U.S. Patent and Trademark Office 

Customer Service Window, Mail Stop Amendment 

Randolph Building 

401 Dulany Street 

Alexandria, VA 22314 

Sir: 

Pursuant to 37 C.F.R. §§ 1.56 and 1.97(b), Applicant(s) bring to the attention of the 
Examiner the documents listed on the attached PTO 1449. This Information Disclosure 
Statement is being filed before the mailing date of a first Office Action in the above-referenced 
application. As such, no certification or fee is required. Copies of the non-U. S. patent 
documents are attached. 

Applicant(s) respectfully request(s) that the Examiner consider the listed documents and 
indicate that they were considered by making appropriate notations on the attached form. 



Information Disclosure Statement Under 37 C.F.R. § 1.97(b) 

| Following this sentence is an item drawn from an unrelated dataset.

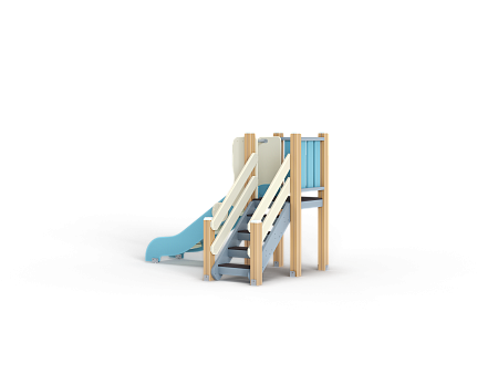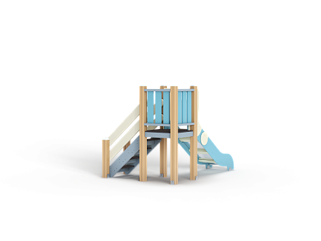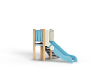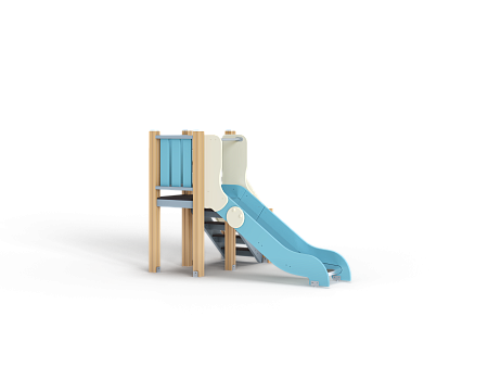 Комплекс состоит из башни с горкой с высотой ската 900 мм, лестницы и двух ограждений из бруса.

Application Serial No. 10/808,326 
Attorney's Docket No. 0026-0072 

Page 2 

If any copending application(s) is/are cited on the attached PTO 1449, the Examiner's 
attention is directed to the foregoing application(s) in compliance with § 2001.06(b) of the 
Manual of Patent Examining Procedure. By identifying the copending application(s), the 
assignee and/or applicant of the application(s) do not waive confidentiality of the application(s). 
Accordingly, the U.S. Patent and Trademark Office is requested to maintain the confidentiality 
of the copending application(s) under 35 U.S.C. § 122. 

This submission does not represent that a search has been made and does not constitute 
an admission that each or all of the listed documents are material or constitute "prior art." If the 
Examiner applies any of the documents as prior art against any claim in the application and 
Applicant(s) determine(s) that the cited document(s) do not constitute "prior art" under United 
States law, Applicant(s) reserve(s) the right to present to the Office the relevant facts and law 
regarding the appropriate status of such documents. 

Applicant(s) further reserve(s) the right to take appropriate action to establish the 
patentability of the disclosed invention over the listed documents, should one or more of the 
documents be applied against the claims of the present application.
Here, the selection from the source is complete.